— Ну, давай, целительница, говори, что делать будешь: лечить, когда вылечить нельзя или милосердие явишь? — прошептал на ухо крефф.
Рядом зло всхлипнула Лесана, которой было стыдно плакать, но которая не могла побороть себя, глядя на то, как медленно и неотвратимо уходит из молодого тела жизнь.
— Лечить, — выдохнула Айлиша и опустила на грудь парня засветившиеся голубым огнем руки.
— Лечить, так лечить, — кивнул Ихтор и отошел в сторону.

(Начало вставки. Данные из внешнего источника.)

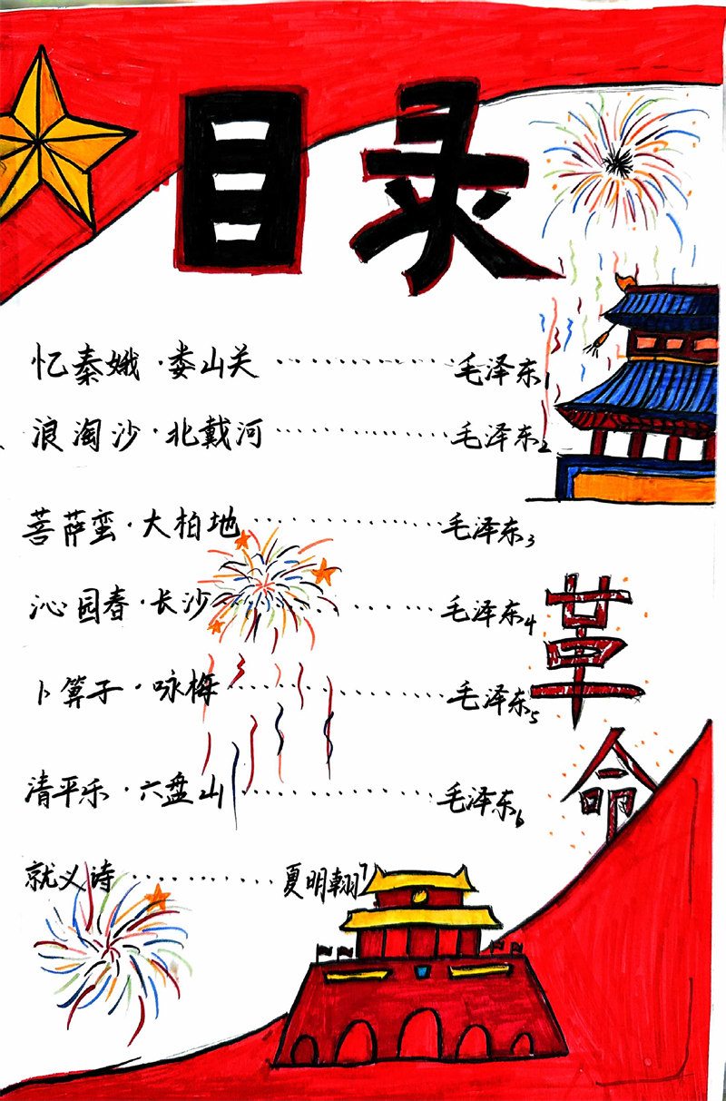同学们小组合作,明确分工。从搜集诗词,到整理分类,再到誊抄诗词、绘制插图,每一步都事无巨细;从封面的设计绘制,到目录的编排,再到装订成册,每个细节都有条不紊。同学们团结合作,大展身手,将内心对红色文化的崇敬换化成一本本可视可触的小诗集。

Сколько оборотов Айлиша простояла, вливая в обережника Дар, она не знала. Но только Дар утекал впустую. Душу целительница держала, а тело умирало. Бескровный, коченеющий, парень вдруг, как в далеком детстве, позвал мать…
Тихо-тихо, едва слышно, одними губами: «Ма-ма…»
Горько в голос разрыдалась Лесана, впервые наблюдавшая смерть.
— Хватит! — у Ихтора кончилось терпение. — Чего мучаешь парня? Для того он до смерти бился, чтоб ты тешилась? Из него вся кровь уже вытекла, руки и ноги ты ему новые не пришьешь, взамен обглоданных. Хватит измываться, дай вою умереть спокойно!
— Не смогу я… — размазывая слезы по щекам, заскулила Айлиша.
— Сможешь, — резко ответил крефф. — Я помогу. Вспоминай, чему учил.
— Не смогу! — срываясь, закричала девушка. — Сам убивай!!!
— Айлиша… — тихий усталый голос.
Целительница перевела взгляд на молчавшую до сей поры Лесану.
— Дай, я, — и подруга потянула из-за пояса тяжелый боевой нож.
Воспитанница Майрико ахнула, а Ихтор сухо сказал:
— Не ты. Она.
— Она БОИТСЯ! — рявкнула Лесана. — Долго ему еще маяться?!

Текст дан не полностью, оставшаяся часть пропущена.